§ **Data for the task**

· · · · · · ·

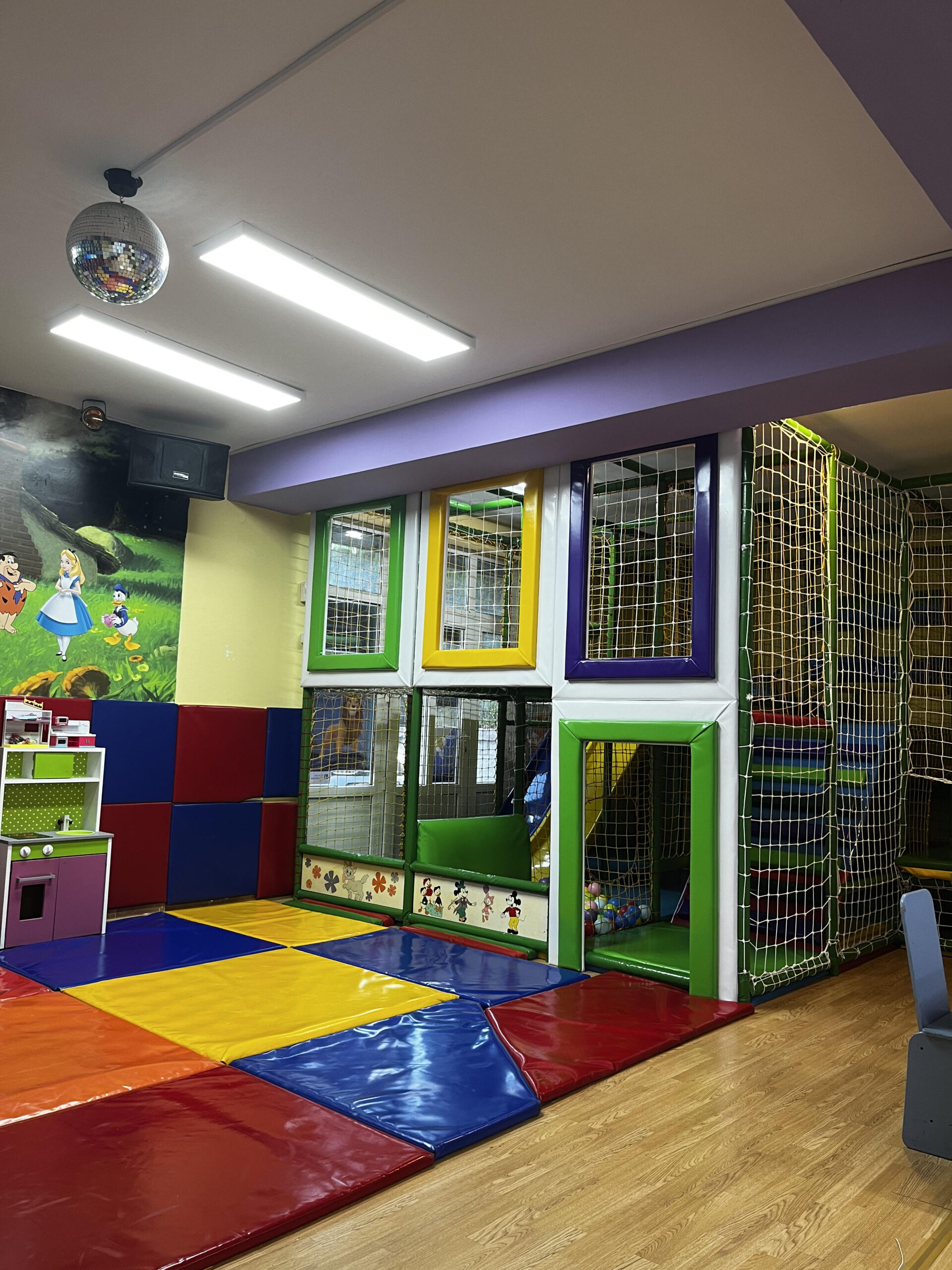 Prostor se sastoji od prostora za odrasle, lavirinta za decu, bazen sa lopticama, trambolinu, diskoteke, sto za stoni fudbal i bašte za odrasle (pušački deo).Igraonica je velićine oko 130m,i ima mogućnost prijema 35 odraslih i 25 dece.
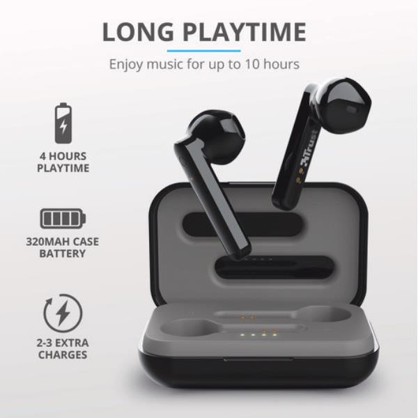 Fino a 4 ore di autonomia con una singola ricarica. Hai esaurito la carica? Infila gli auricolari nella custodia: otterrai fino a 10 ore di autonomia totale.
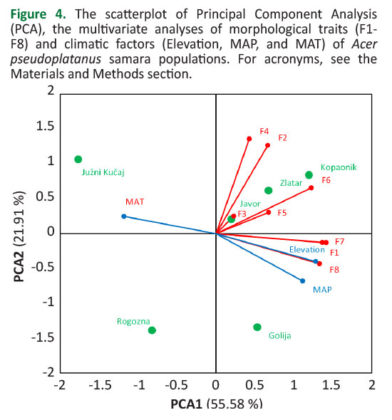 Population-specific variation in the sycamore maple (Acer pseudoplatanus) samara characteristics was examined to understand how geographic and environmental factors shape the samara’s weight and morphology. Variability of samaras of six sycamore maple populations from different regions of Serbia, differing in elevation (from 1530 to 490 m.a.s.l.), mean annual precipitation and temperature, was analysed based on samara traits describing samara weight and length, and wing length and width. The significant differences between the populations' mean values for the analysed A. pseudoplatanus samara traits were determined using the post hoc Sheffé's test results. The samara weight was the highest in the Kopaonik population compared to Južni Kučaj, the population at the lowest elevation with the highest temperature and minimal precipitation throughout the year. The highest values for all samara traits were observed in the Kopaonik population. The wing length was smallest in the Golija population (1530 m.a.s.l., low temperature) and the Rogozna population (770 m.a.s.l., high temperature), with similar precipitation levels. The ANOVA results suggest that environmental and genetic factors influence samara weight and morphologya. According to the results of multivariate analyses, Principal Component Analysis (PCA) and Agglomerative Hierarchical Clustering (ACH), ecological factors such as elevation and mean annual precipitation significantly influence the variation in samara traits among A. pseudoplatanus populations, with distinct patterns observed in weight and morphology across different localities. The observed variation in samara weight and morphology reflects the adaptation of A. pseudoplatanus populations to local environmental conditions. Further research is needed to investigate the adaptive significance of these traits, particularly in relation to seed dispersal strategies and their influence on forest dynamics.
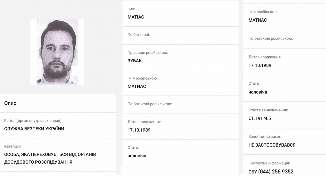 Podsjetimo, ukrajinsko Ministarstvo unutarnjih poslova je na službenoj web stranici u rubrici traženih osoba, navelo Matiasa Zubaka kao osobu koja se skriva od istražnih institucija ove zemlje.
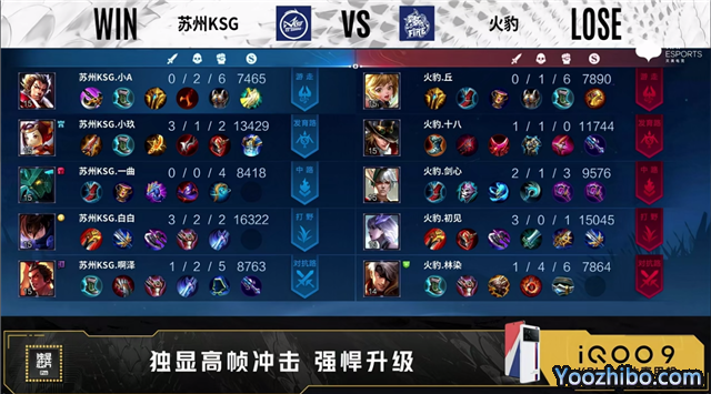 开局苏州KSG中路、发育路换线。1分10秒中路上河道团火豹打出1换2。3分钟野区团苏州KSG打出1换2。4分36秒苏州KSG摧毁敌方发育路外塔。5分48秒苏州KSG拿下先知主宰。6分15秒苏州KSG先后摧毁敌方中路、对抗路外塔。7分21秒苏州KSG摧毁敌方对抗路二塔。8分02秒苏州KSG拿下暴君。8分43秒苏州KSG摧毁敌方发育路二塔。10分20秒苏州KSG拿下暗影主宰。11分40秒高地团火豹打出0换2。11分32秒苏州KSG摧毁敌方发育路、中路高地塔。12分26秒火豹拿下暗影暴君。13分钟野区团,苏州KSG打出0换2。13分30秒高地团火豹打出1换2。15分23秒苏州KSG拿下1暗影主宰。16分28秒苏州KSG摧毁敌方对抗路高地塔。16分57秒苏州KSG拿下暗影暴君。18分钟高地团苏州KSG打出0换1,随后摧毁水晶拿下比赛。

· · · · · · ·

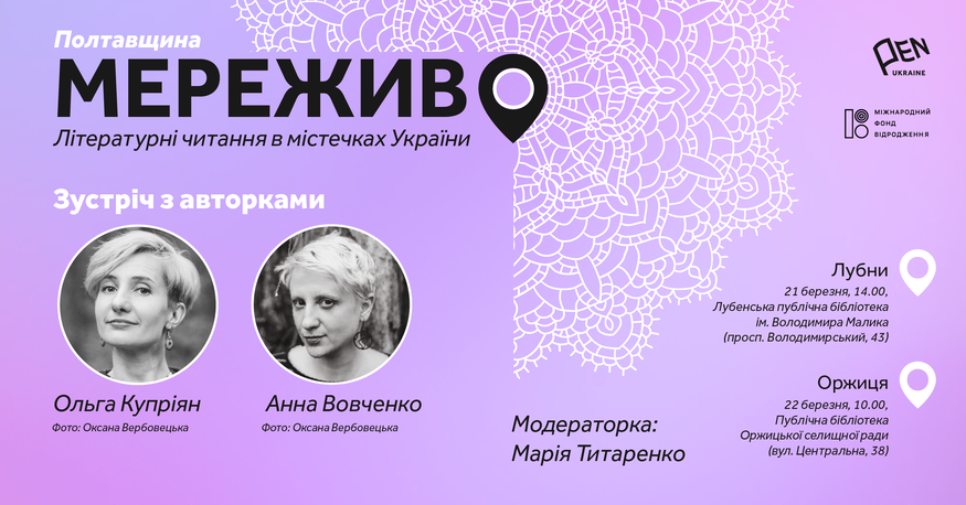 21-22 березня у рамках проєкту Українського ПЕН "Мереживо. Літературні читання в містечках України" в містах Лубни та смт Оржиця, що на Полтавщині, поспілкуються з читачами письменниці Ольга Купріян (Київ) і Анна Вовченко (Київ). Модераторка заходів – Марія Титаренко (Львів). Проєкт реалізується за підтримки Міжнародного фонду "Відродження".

· · · · · · ·

§ **Exercise**
Quote the lines above exactly, starting with the one that has "Prostor se sastoji" and ending with the one that has "Fino a 4 ore"; drop the pictures and include nothing else.

§ **Reply to the task**
 Prostor se sastoji od prostora za odrasle, lavirinta za decu, bazen sa lopticama, trambolinu, diskoteke, sto za stoni fudbal i bašte za odrasle (pušački deo).Igraonica je velićine oko 130m,i ima mogućnost prijema 35 odraslih i 25 dece.
 Fino a 4 ore di autonomia con una singola ricarica. Hai esaurito la carica? Infila gli auricolari nella custodia: otterrai fino a 10 ore di autonomia totale.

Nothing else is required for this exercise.